*** Data extract Section Begins ***

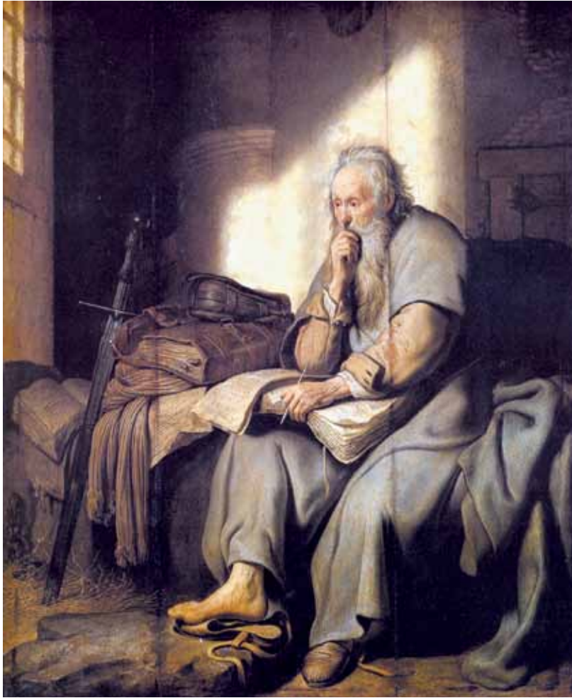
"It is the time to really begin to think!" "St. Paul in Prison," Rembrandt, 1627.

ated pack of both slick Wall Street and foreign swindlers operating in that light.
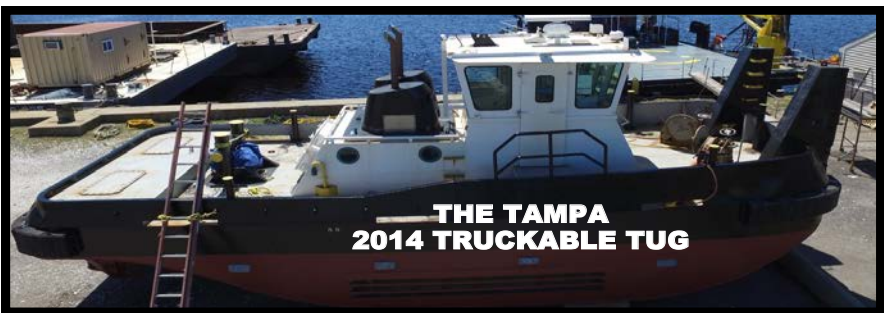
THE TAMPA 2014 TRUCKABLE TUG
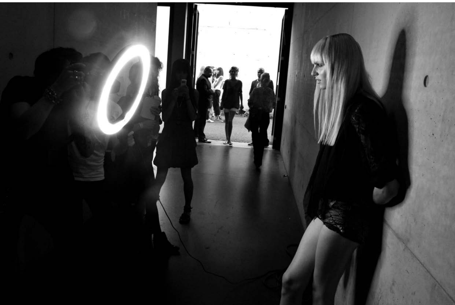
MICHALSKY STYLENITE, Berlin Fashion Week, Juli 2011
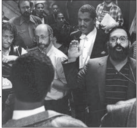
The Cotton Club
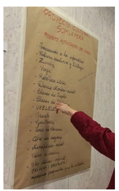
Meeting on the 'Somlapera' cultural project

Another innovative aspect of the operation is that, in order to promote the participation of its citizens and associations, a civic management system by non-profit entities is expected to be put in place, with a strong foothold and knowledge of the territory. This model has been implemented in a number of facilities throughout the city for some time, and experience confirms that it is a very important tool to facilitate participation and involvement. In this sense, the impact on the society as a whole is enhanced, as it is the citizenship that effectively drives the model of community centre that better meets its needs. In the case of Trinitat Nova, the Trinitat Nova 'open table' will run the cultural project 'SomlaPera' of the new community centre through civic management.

*** Data extract Section Ends ***

For this exercise, transcribe exactly the part of the records above that opens with the line containing "The Cotton Club" and closes with the one containing "Meeting on the 'Somlapera' cultural project". Pictures are not part of the copy.

The Cotton Club
Meeting on the 'Somlapera' cultural project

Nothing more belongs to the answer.